→ Provided data
***

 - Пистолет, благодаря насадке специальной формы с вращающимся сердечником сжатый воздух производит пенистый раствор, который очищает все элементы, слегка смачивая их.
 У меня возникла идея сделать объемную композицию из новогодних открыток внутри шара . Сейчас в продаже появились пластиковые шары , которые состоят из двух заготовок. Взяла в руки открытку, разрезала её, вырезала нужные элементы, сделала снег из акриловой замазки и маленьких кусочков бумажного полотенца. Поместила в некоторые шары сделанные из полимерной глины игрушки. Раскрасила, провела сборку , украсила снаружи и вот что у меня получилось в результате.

***

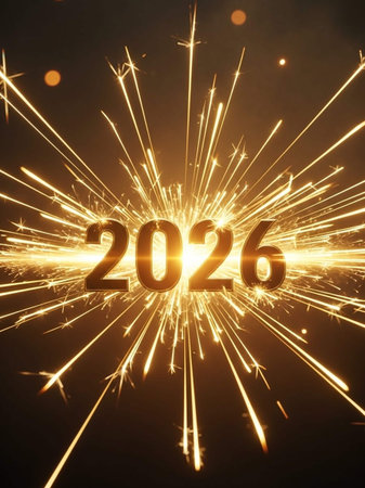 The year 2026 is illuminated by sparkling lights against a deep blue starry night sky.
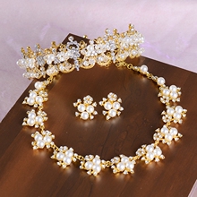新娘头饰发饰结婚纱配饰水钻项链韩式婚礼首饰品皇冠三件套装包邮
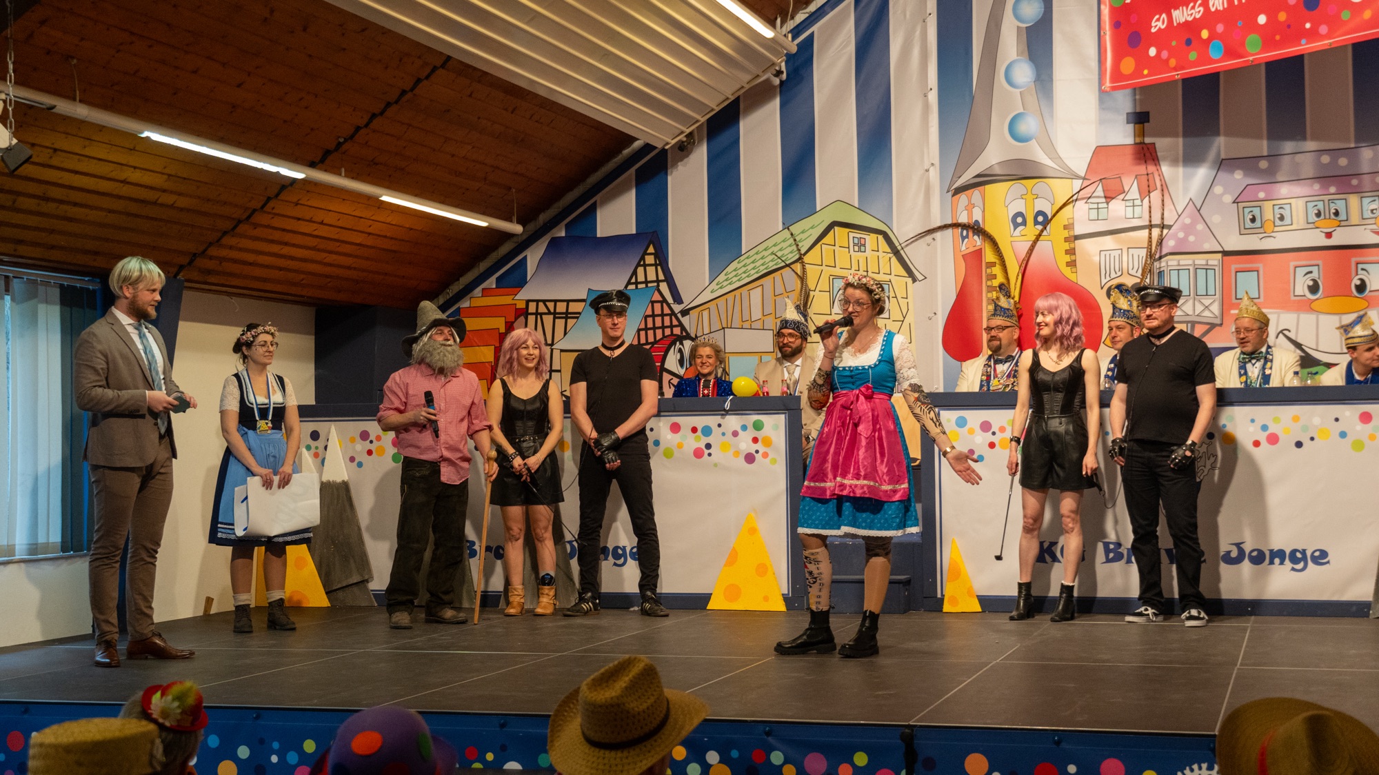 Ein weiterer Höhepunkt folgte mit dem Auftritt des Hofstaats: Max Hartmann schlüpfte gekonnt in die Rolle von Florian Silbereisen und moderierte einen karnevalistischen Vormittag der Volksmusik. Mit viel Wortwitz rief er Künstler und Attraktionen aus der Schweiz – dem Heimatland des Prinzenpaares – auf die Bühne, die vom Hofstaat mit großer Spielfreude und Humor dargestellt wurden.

***

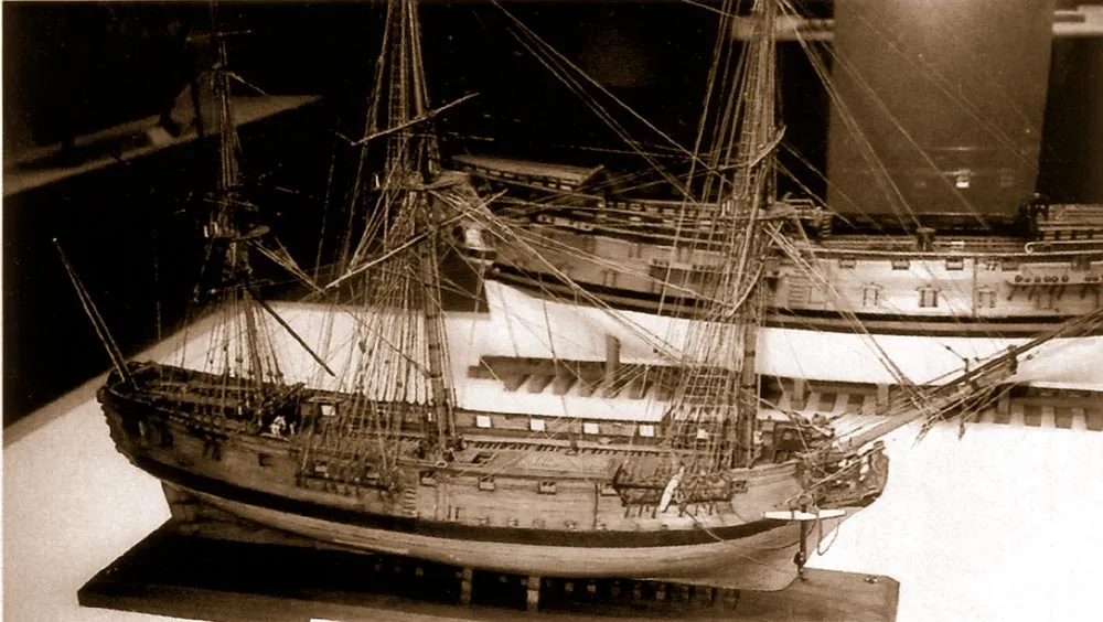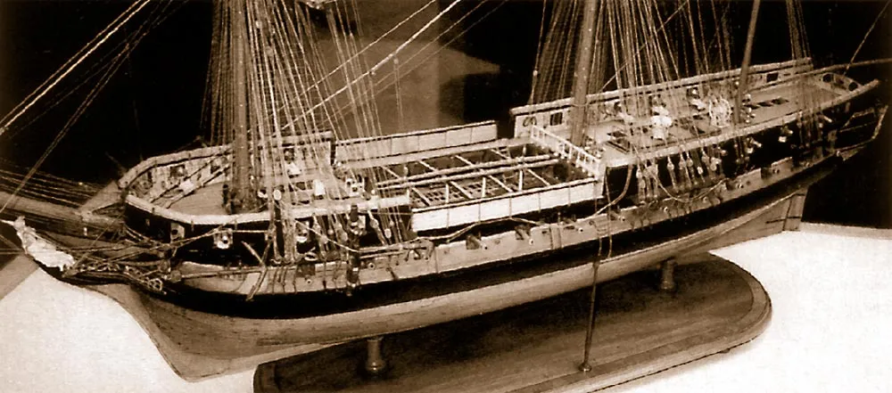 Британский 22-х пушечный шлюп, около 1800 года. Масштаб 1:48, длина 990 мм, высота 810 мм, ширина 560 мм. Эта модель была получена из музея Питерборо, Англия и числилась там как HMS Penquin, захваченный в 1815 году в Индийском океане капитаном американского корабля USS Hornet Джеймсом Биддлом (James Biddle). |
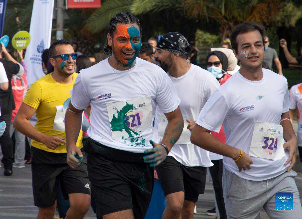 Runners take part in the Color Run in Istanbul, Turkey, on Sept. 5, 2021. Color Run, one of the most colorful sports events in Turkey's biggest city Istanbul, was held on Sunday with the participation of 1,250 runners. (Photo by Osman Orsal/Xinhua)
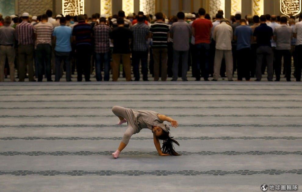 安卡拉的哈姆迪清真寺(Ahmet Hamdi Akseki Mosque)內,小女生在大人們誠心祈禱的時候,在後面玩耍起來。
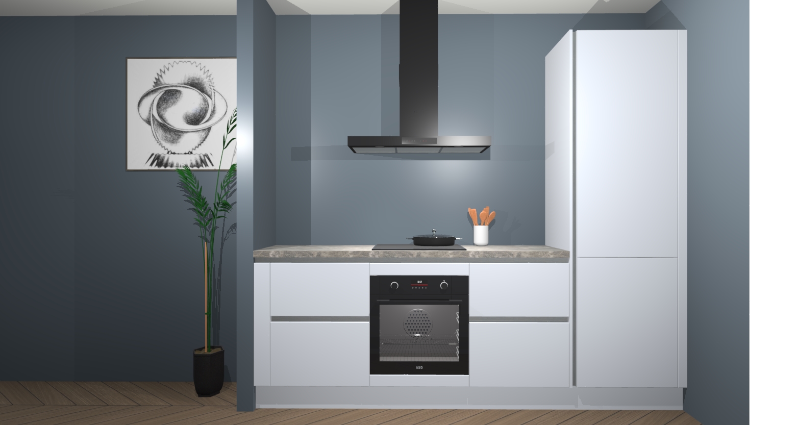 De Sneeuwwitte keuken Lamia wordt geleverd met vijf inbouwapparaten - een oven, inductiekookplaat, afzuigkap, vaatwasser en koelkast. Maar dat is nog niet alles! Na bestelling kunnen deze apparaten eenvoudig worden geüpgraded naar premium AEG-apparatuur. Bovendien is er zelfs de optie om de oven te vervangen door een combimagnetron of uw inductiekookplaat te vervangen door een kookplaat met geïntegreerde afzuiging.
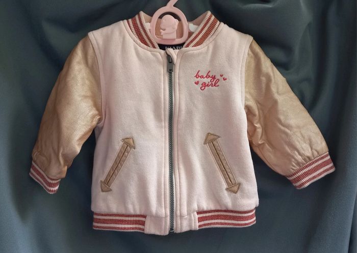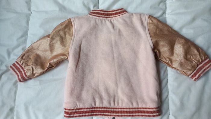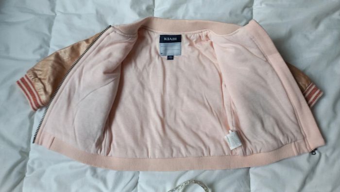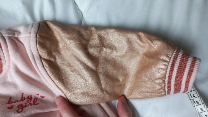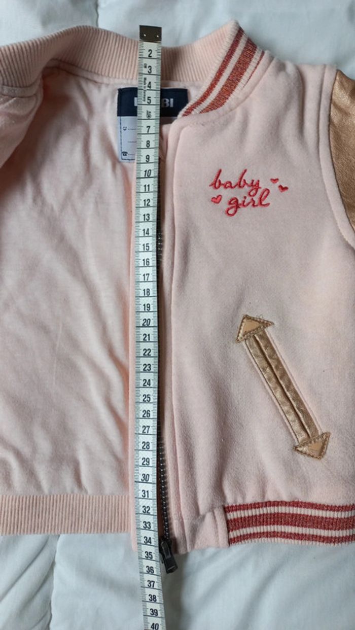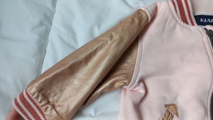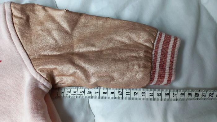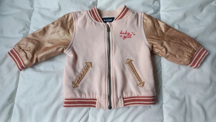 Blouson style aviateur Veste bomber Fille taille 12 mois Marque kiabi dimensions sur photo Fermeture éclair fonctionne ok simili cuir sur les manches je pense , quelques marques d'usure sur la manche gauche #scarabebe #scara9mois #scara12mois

***

→ About this exercise
Note down each line above where the word "элементы" occurs.

→ Answer for this exercise
 - Пистолет, благодаря насадке специальной формы с вращающимся сердечником сжатый воздух производит пенистый раствор, который очищает все элементы, слегка смачивая их.
 У меня возникла идея сделать объемную композицию из новогодних открыток внутри шара . Сейчас в продаже появились пластиковые шары , которые состоят из двух заготовок. Взяла в руки открытку, разрезала её, вырезала нужные элементы, сделала снег из акриловой замазки и маленьких кусочков бумажного полотенца. Поместила в некоторые шары сделанные из полимерной глины игрушки. Раскрасила, провела сборку , украсила снаружи и вот что у меня получилось в результате.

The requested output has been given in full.